Род Голенищевых- Кутузовых внесен в 6-ю часть Родословной книги Новго-родской, Псковской, Тверской и Рязанской губерний. Печетово, Шубино, Сельцы – тверские деревни этого именитого рода.

Однако та ветвь, к которой относится Арсений Аркадьевич Голенищев-Кутузов, часто бывает обойдена вниманием.


Павел Васильевич Голенищев-Кутузов

Это связано с ролью в истории России деда поэта – Павла Васильевича Голенищева-Кутузова (1773-1843). Как свидетельствует «Русский биографический словарь», он был заслужен-ным и талантливым военноначальником, участвовавшем в русско-турецкой войне 1806-1807 гг. и в Отечественной войне 1812 г., занимал высокие посты и в мирные годы. Так в 1823 г. П.В. Голенищев-Кутузов был назначен Глав-ным директором Пажского и кадетских корпусов, Александровского лицея. В 1825 г., в день смерти М.А. Милорадовича, П.В. Голенищев-Кутузов был назначен генерал-губернатором Санкт-Петербурга.
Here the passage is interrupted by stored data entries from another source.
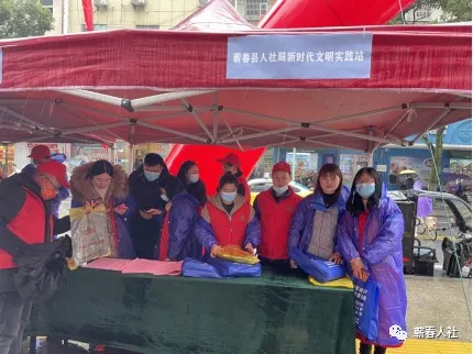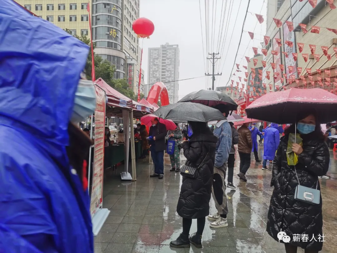 活动现场人头攒动,热闹非凡。在雨中,蕲春县人社局文明实践站志愿者们积极引导求职者维护现场秩序、发放政策宣传手册、介绍招聘信息,为求职者提供帮助。
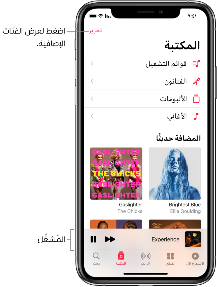 عرض الألبومات وقوائم التشغيل والمزيد في تطبيق الموسيقى على الـ Iphone الدعم Apple
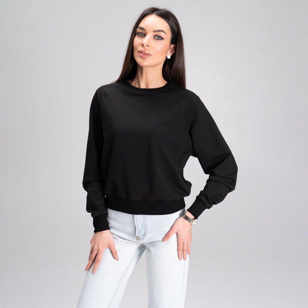 Женский Базовый Свободный Черный Свитшот Реглан

Согласно своему положению, он стал членом «тайного комитета», учрежденного 17 декабря 1825 г. для следствия по делу декабристов, а в июле 1826 г. руководил их казнью. Этот факт биографии сильно повлиял на историческую репутацию П.В. Голенищева-Кутузова, поэтому большинство серьезных энциклопедических источников до недавнего времени обходили его имя молчанием. В тени оказался и другой биографический эпизод, относящийся к началу жизненного пути Павла Васильевича – его участие в заговоре против Павла I. Мрачная тень двух этих событий до сих пор витает над именем Павла Васильевича и одним из его имений - селом Шубиным. Даже сейчас среди старожилов бытуют слухи, что храм, построенный им в честь Дмитрия Салунского, неспроста имеет черный, уникальный для православного храма, цвет куполов. Считается, что цвет много раз пытались покрасить, но все предпринятые попытки не увенчались успехом: каждый раз через короткий промежуток времени купола снова оказываются черными. Первое объяснение гласит, что купола почернели после ранней смерти любимой жены П.В. Голенищева-Кутузова, по которой он долгое время скорбел. Другое объяснение таково: Бог пометил этим знаком храм, построенный великим грешником.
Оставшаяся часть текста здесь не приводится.